A hardness test performed on a Rockwell hardness testing machine. Hardness is determined by a dial reading which indicates the depth of penetration of a steel ball for softer steels and a diamond cone for heat treated and harder steels when a load is applied.
In this test a standard constant load, usually 500 to 3,000 kg, is applied to a smooth flat metal surface by a hardened steel-ball type indenter, 10 mm in diameter. The 500-kg load is usually used for testing nonferrous metals such as copper and aluminum alloys, whereas the 3,000-kg load is most often used for testing harder metals such as steels and cast irons. The numerical value of Brinell Hardness (HB), is equal to the load, divided by the surface area of the resulting spherical impression.
The Vickers test is often easier to use than other hardness tests since the required calculations are independent of the size of the indenter, and the indenter can be used for all materials irrespective of hardness. The basic principle, as with all common measures of hardness, is to observe the questioned materials' ability to resist plastic deformation from a standard source. The Vickers test can be used for all metals and has one of the widest scales among hardness tests.
The Vickers hardness test method consists of indenting the test material with a diamond indenter, in the form of a right pyramid with a square base and an angle of 136 degrees between opposite faces subjected to a load of 1 to 100 kgf. The full load is normally applied for 10 to 15 seconds. The two diagonals of the indentation left in the surface of the material after removal of the load are measured using a microscope and their average calculated. The area of the sloping surface of the indentation is calculated. The Vickers hardness is the quotient obtained by dividing the kgf load by the square mm area of indentation.

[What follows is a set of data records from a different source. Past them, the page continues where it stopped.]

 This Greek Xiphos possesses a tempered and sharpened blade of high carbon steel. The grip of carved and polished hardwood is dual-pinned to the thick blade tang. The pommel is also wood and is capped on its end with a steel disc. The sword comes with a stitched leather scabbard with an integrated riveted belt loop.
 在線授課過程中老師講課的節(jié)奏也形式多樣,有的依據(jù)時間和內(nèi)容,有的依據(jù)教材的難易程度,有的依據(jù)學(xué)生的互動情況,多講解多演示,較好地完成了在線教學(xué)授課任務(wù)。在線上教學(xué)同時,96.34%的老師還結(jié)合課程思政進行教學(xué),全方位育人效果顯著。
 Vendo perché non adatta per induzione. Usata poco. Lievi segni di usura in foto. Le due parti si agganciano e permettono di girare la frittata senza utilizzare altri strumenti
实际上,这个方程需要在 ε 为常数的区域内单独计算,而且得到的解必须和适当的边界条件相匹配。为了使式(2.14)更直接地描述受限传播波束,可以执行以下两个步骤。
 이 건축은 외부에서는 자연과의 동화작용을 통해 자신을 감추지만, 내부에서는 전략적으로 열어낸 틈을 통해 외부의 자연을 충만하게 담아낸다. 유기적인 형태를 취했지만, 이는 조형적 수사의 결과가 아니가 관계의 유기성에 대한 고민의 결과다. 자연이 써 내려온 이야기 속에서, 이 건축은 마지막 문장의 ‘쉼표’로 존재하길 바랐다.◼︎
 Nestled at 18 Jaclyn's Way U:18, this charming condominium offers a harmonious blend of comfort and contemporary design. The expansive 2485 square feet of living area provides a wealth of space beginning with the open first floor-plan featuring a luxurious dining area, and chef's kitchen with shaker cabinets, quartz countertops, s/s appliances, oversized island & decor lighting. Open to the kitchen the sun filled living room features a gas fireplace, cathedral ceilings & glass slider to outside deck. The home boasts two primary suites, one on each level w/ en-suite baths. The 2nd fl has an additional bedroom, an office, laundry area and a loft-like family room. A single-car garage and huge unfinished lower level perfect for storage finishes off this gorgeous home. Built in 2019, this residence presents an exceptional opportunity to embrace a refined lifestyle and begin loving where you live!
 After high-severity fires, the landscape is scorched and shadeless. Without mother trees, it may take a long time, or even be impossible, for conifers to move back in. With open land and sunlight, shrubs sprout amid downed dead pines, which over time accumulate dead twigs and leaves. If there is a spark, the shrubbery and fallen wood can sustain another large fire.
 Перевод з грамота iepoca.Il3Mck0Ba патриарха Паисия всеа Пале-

The term microhardness test usually refers to static indentations made with loads not exceeding 1 kgf. The indenter is either the Vickers diamond pyramid or the Knoop elongated diamond pyramid. The procedure for testing is very similar to that of the standard Vickers hardness test, except that it is done on a microscopic scale with higher precision instruments. The surface being tested generally requires a metallographic finish; the smaller the load used, the higher the surface finish required. Precision microscopes are used to measure the indentations; these usually have a magnification of around X500 and measure to an accuracy of +0.5 micrometres. Also with the same observer differences of +0.2 micrometres can usually be resolved. It should, however, be added that considerable care and experience are necessary to obtain this accuracy
The Charpy impact test, also known as the Charpy v-notch test, is a standardized high strain-rate test which determines the amount of energy absorbed by a material during fracture. This absorbed energy is a measure of a given material's toughness and acts as a tool to study temperature-dependent brittle-ductile transition. It is widely applied in industry, since it is easy to prepare and conduct and results can be obtained quickly and cheaply.
Bending tests are carried out to ensure that a metal has sufficient ductility to stand bending without fracturing. A standard specimen is bent through a specified arc and in the case of strip, the direction of grain flow is noted and whether the bend is with or across the grain.